- DVD Cover
- Directed by: Harry Baweja
- Written by: Rahi Masoom Reza (dialogues)
- Screenplay by: Dharamveer Ram
- Story by: Harry Baweja
- Produced by: Tarlochan S. Baweja
- Starring: Mithun Chakraborty Shilpa Shirodkar Deepa Sahi
- Cinematography: Damodar Naidu
- Edited by: Kuldip Mehan
- Music by: Anand–Milind
- Production company: Baweja Arts International
- Release date: 12 July 1991;
- Country: [India
- Language: Hindi

= Trinetra =

Trinetra is a 1991 Indian Hindi-language action film directed by debutante Harry Baweja. The film stars Mithun Chakraborty, Shilpa Shirodkar, Deepa Sahi in lead roles, with Dharmendra in a special appearance.

==Plot==
Trinetra is the story of the revenge of a son, who lost his honest father, to a group of evil minds. It is the story of a son's infinite love for his mother, who lost her husband. It is the story of a son's revenge on his father's killers.

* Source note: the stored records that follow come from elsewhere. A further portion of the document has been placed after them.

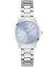 Guess Winni GW1028L1 to damski zegarek utrzymany w modowej stylistyce z klasycznym akcentem. Srebrna koperta ze stali szlachetnej została zestawiona z bransoletą w tym samym kolorze, co tworzy spójną i elegancką całość. Niebieska tarcza stanowi wyrazisty element całej kompozycji i nadaje modelowi charakterystyczny wygląd. Cyferblat pokrywa mineralne szkiełko, które osłania go przed działaniem czynników zewnętrznych. Za działanie zegarka odpowiada mechanizm kwarcowy. Wodoszczelność na poziomie 30 metrów oznacza odporność na drobne zachlapania, np. podczas mycia rąk lub w czasie niewielkiego deszczu.
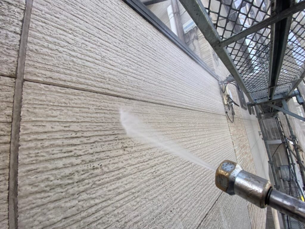 まずは屋根全体を高圧洗浄し、汚れやコケ、古い塗膜をしっかり落とします。この工程を丁寧に行うことで、塗料の密着性が高まります。
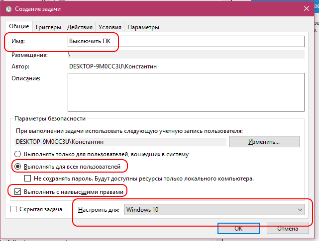 В меню «Действия» найдите пункт «Создать задачу». Во вкладке «Общие», в поле «Имя», укажите название для задачи. Оно может быть абсолютно любым. Кроме этого, нужно указать параметр «Выполнять для всех пользователей», выставить галочку «Выполнять с наивысшими правами», после чего настроить задачу для Windows 10.
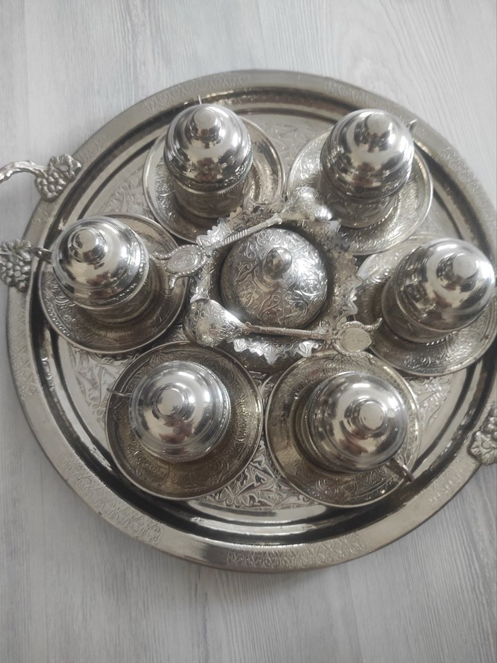 Altı adet kapaklı işlemeli gümüş çay bardağı, tabakları, servis tepsisi ve kaşıkla birlikte şekerlikten oluşan parlak çay seti.

Raja is an aspiring singer and gets a chance to sing in Dubai through Mr. Singhania. He informs his pregnant wife, Seema, and they look forward to a more prosperous life. Before that could happen, Raja finds out that Singhania is going to use him to carry drugs in his suitcase, he objects to this and is brutally killed in the presence of his wife. His wife flees the assailants and gives birth to a baby boy near the temple of Bhagwan Shri Shankar and names the boy Shiva. Unmarried and childless, Maria Fernandes sees the child and an apparently dead Seema and takes the child.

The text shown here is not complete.